# Looking for "crooked" playhouse plans.



## bcraun (Aug 17, 2011)

My 4 year old is getting too big for the Costco playhouse that is currently in our yard. She loves the darn thing, but it's tome for her to move into a bigger place.

I've been looking for plans to build a Dr. Seuss style playhouse. I've found places that sell the 'crooked' playhouses, but no luck finding any plans.

Vnyone have any ideas?

Thanks


----------



## GearWorksguy (Aug 30, 2011)

www.kidscrookedhouse.com I looked at the site and they have a lot of ideas. You might contact them to see if they would sell you plans you could use. 

I would say that you could also take some standard plans and modify them some. It looks like a lot of work for a house that your daughter will outgrow.....

Editorial here.... My kids are in their late teens and 20's... As they aged they stopped wanting cutesy things that they would have to explain to their friends. So a thought to consider (as the parent) is to design the playhouse in a way that will not need to be explained to others. As the kids get older they want more and more to conform; this is not a bad thing since it is how kids get along in life...

I should also say that you might want to consider resale value of your "house" and have a more traditional playhouse that you could either sell when the time is right or leave for the next owners of your house... Just a thought...... 

End of editorial....

I hope this helps.........


----------



## CabinJack (Jan 2, 2012)

*Crooked Playhouse*

I too looked high and low for crooked playhouse plans - and ended up developing my own. I built a playhouse for an under-privileged 11-year old neighbor girl. One stipulation was that when she outgrew it, it could function as a tool shed; so the back wall of the house is plumb - and has a 6' tall 25" wide door for adults and lawnmowers, etc.

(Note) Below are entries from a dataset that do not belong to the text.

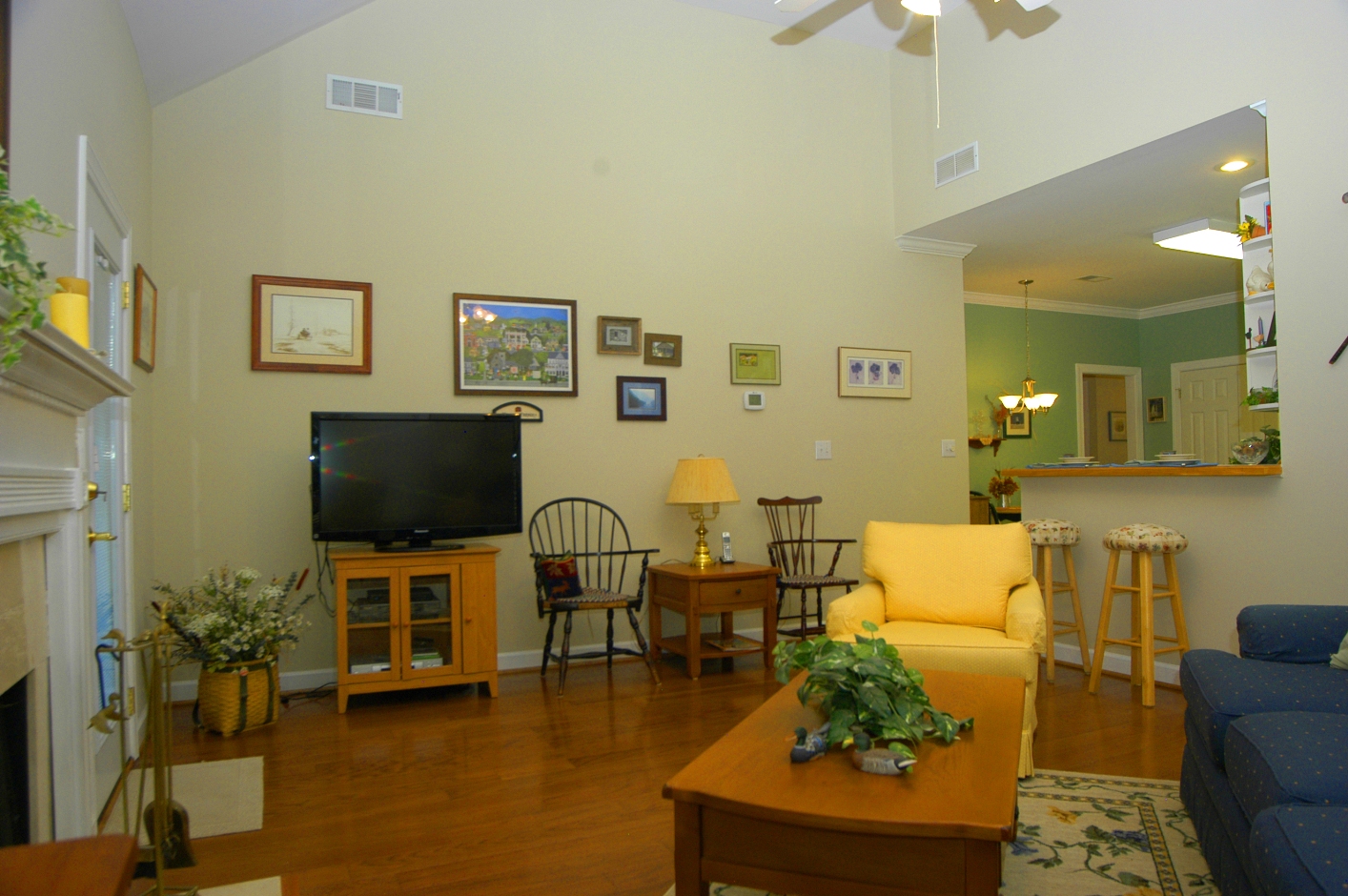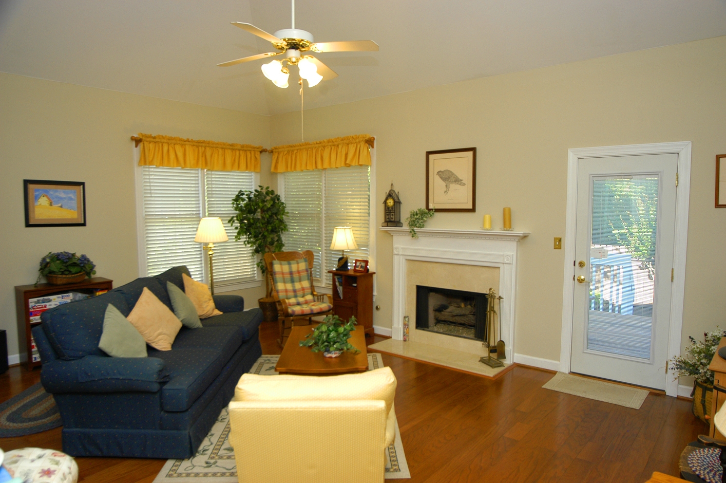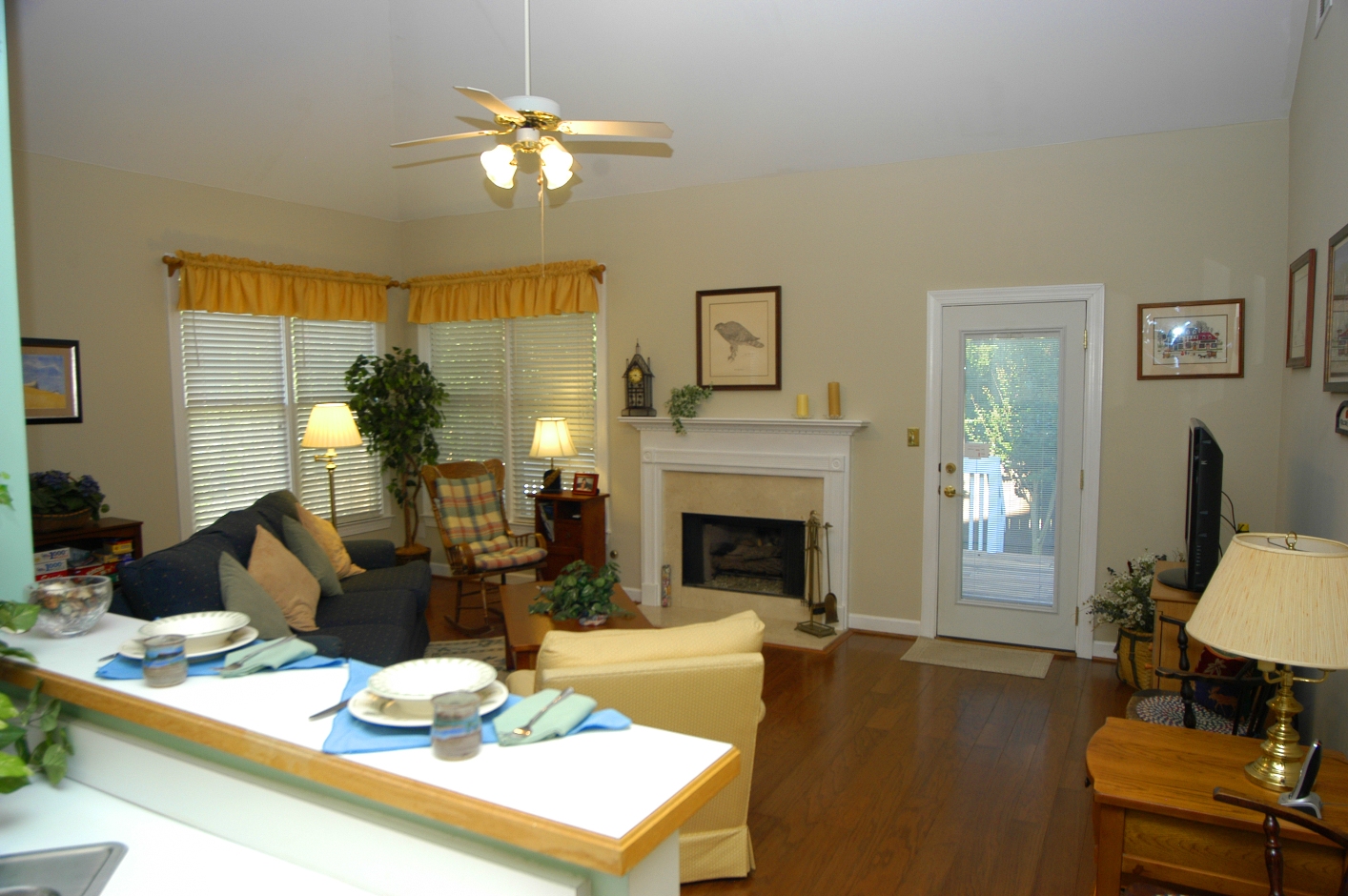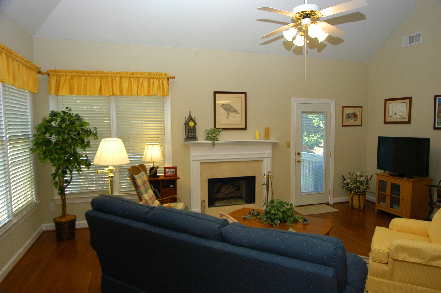 VAULTED FAMILY ROOM features hardwood floors, fireplace with brick logs, cultured marble surround and custom mantle. Door to deck 2 inch wood blinds on windows. Separated from kitchen by a breakfast bar. Ceiling fan and light.
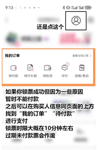 8,若您鎖票成功,卻因某些原因暫時無法付款,后續可在購買人信息所在頁面的上方,找到“我的訂單 待付款”進行支付。鎖票時限約10分鐘,逾期未付款,車票將作廢。
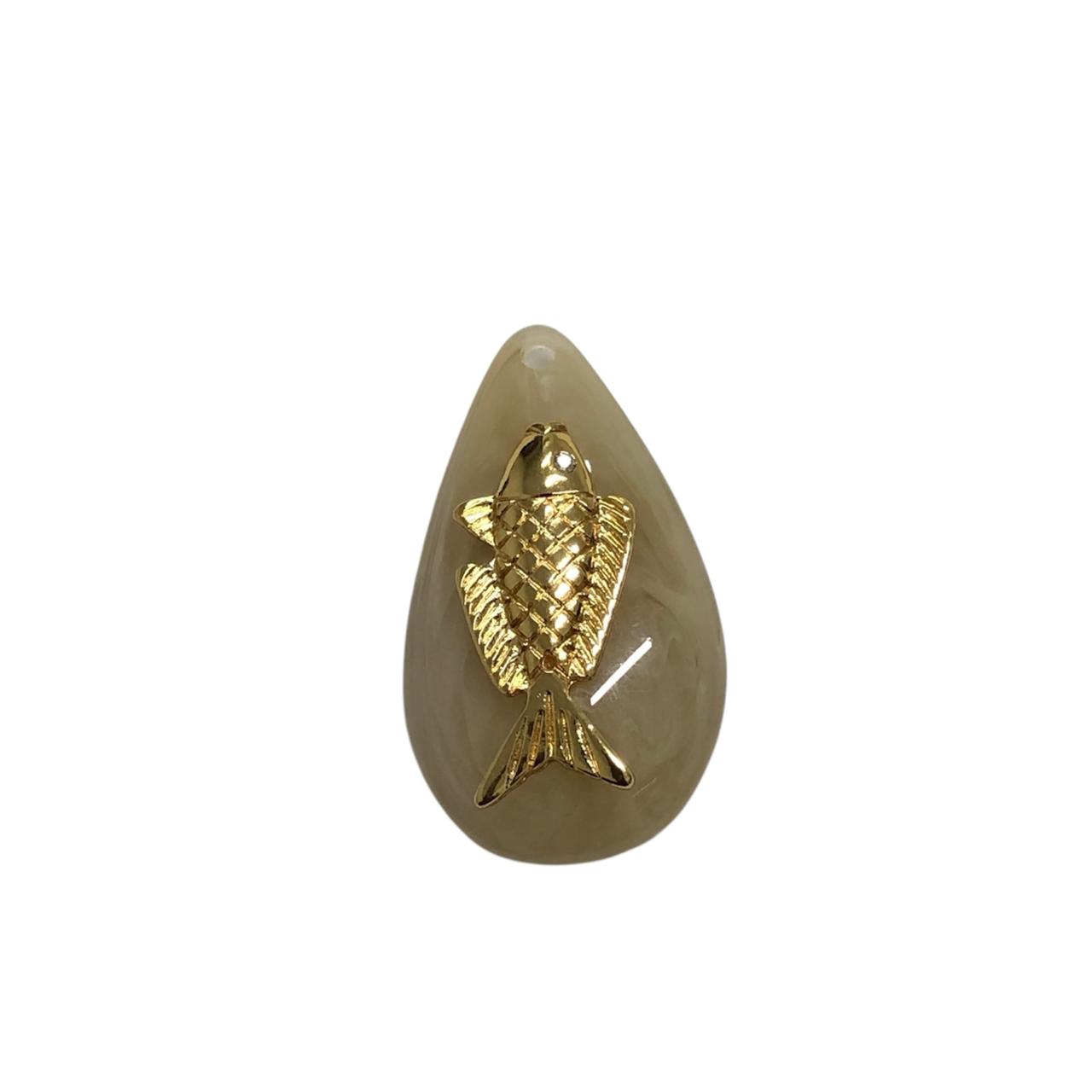 Pingente Gota C/ Peixe 35x60mm Dourado – 1 Und

Here are a couple pics. I don't have formal plans, but if you're interested, let me know and I'll put together some plans for you.

CabinJack


----------



## MMCCULLERS (Dec 12, 2012)

*Wanted to Build Multi-Funtional Crooked Playhouse*

I am looking to build my daughter the same type of crooked playhouse you described that could function as a tool shed when she outgrows it. I think this is brilliant and could use help with some plans if you have something you could share. Any help with this Christmas project will be greatly appreciated by all.

Thanks

Mike


----------